(Prompt) Of all the lines below, return only those starting with the line holding "7.2.10 Campbell Medium" and going on through the line holding "为使空气不从鼻孔漏出,此时将", exactly as written.

(Source data)

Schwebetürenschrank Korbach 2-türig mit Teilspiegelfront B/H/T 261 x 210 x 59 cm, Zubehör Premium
...
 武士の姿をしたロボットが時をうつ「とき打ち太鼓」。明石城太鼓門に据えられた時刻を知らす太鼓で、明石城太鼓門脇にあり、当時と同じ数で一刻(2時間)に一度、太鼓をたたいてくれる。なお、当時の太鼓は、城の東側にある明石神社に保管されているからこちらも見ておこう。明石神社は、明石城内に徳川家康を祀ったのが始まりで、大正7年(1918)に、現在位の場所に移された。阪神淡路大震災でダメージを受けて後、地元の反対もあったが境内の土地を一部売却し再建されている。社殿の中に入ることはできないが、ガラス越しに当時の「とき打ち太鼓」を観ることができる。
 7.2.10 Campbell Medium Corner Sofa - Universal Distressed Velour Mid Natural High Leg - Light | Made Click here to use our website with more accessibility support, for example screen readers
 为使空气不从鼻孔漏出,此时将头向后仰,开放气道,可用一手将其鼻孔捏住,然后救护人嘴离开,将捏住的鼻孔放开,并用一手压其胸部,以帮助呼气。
...
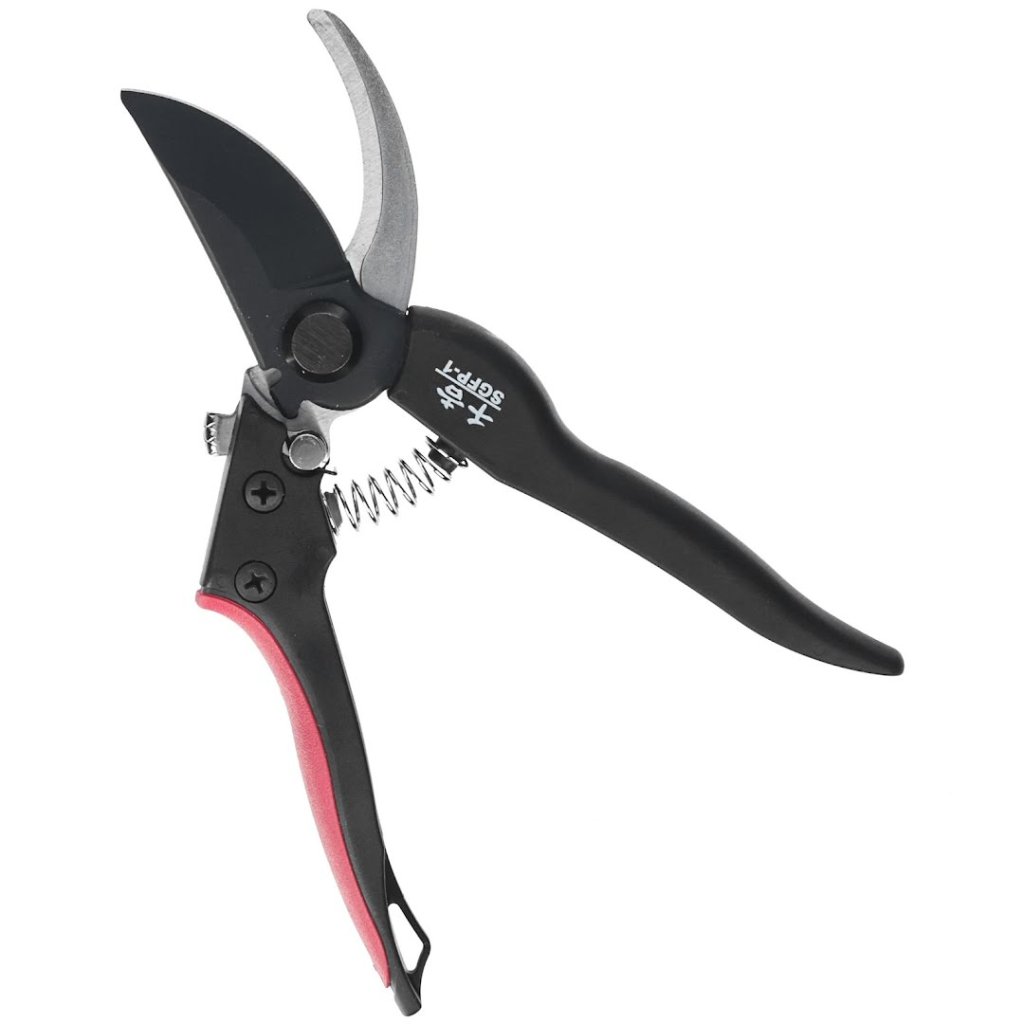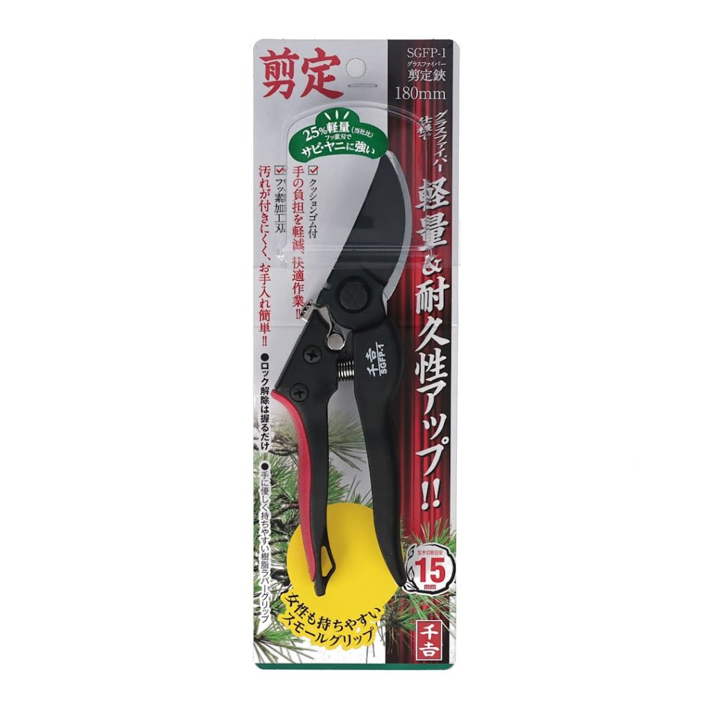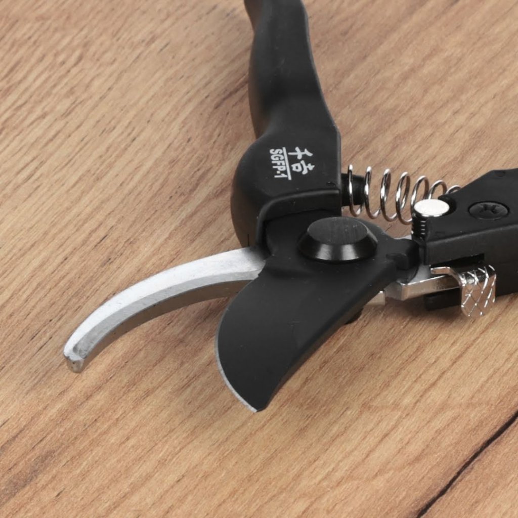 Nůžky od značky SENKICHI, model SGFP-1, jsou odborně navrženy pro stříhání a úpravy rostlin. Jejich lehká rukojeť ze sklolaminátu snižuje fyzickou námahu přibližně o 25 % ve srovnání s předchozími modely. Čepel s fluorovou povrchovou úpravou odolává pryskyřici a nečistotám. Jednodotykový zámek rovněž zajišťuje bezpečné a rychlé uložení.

(Task answer)
 7.2.10 Campbell Medium Corner Sofa - Universal Distressed Velour Mid Natural High Leg - Light | Made Click here to use our website with more accessibility support, for example screen readers
 为使空气不从鼻孔漏出,此时将头向后仰,开放气道,可用一手将其鼻孔捏住,然后救护人嘴离开,将捏住的鼻孔放开,并用一手压其胸部,以帮助呼气。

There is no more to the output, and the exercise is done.